The blistering phenotype was initially observed in maize with regard to the maize brittle-1 mutable (bt-1m) gene (Sullivan et al. 1991). The normal bt-1 gene produces seed normal in appearance, whereas mutated bt-1 produces a kernel shrunken in appearance. The bt-1m gene produces a blistering phenotype. Through genetic and molecular analyses, it was ascertained that the bt-1m was the result of an insertion of a defective suppressor-mutator (dSpm) transposable element (Sullivan et al. 1991). The similarity between the blistering phenotype in maize and the blistering phenotype associated with the scsti gene may suggest the presence of active transposable element(s) causing the development of different seed phenotypes. Observation of a blistering phenotype may indicate possible sectoring of tissue in a single seed consistent with the phenotype observed when active transposable elements are detected.
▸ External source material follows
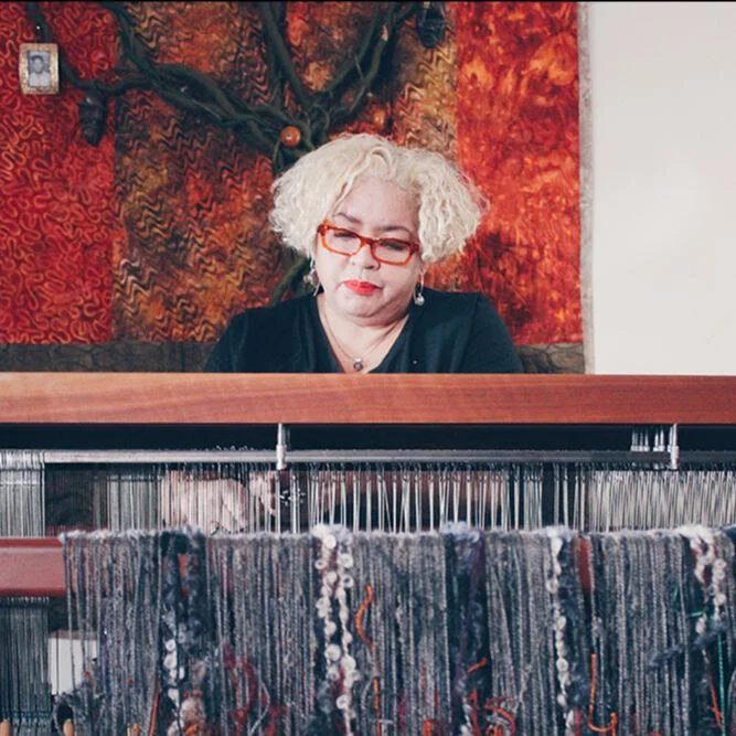Kemp’s award-winning textiles have become iconic in Pittsburgh’s fiber arts community, from woven clothing to greeting cards, sculptural dolls, and home goods. She incorporates on and off-loom weaving, handmade felt, traditional and Japanese Shibori dying techniques, and beading to enhance her work.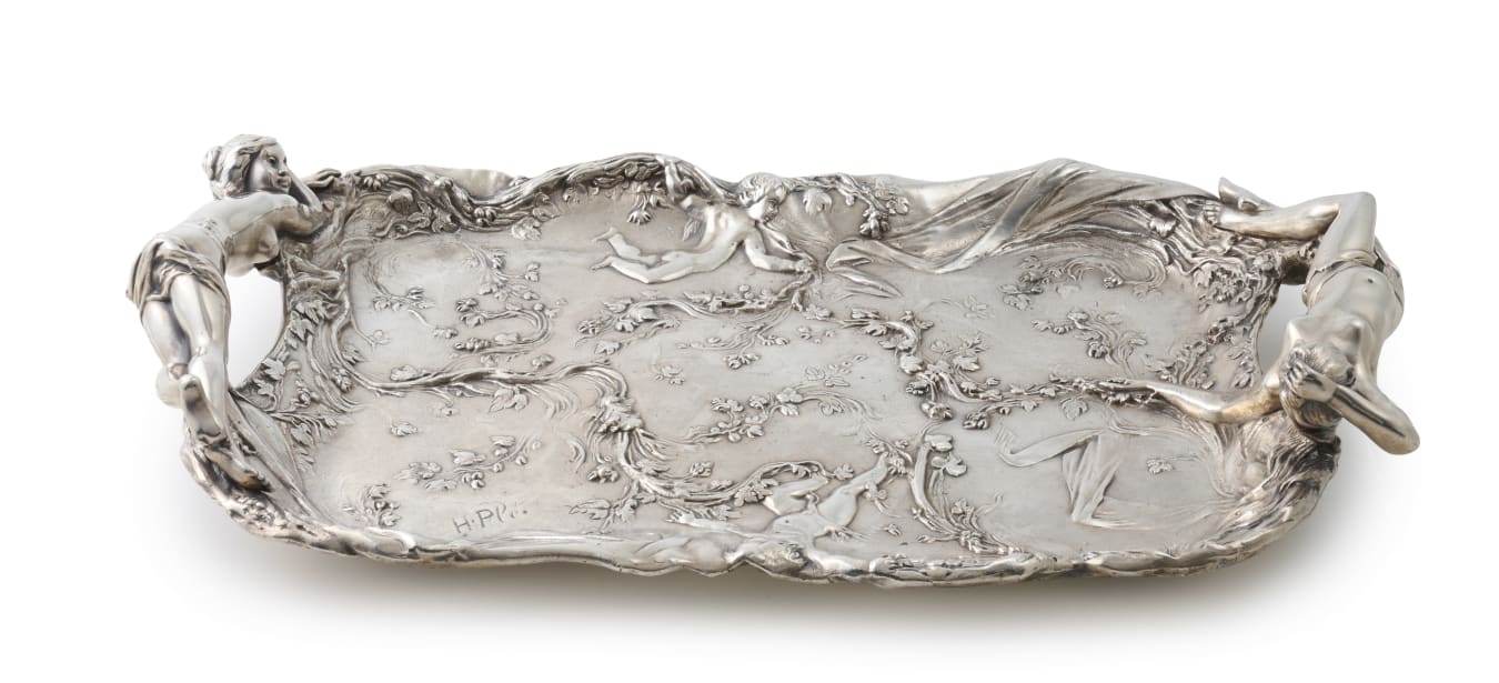of undulating rectangular outline, moulded in relief with blossom, scrolling foliage, drapery and figures, engraved with initials 'H.PL' the sides applied with maiden handles

Additional evidence is provided from the research by Simons et al. (2002). In a population of 110 plants, 11 individuals were found exhibiting double crossovers within a 3-cM region. This was much higher than expected. To explain this deviation from the expected observation of two double-crossover individuals, Simons et al. (2002) concluded that active transposable elements in the scs locus were responsible for changes in its allelic state.
Further research into the scsd gene and the discrepancies produced in seed set ratios is possible by planting remaining seed of those lines that produced deviating ratios. Remnant seed from deviating individuals has been planted and will be evaluated to check if deviating seed set ratios are again observed. The phenotype(s) exhibited by these individuals could provide evidence to either support or reject the possibility of an active transposable element through the observance of subsequent deviating ratios from those plants where deviating ratios were initially observed.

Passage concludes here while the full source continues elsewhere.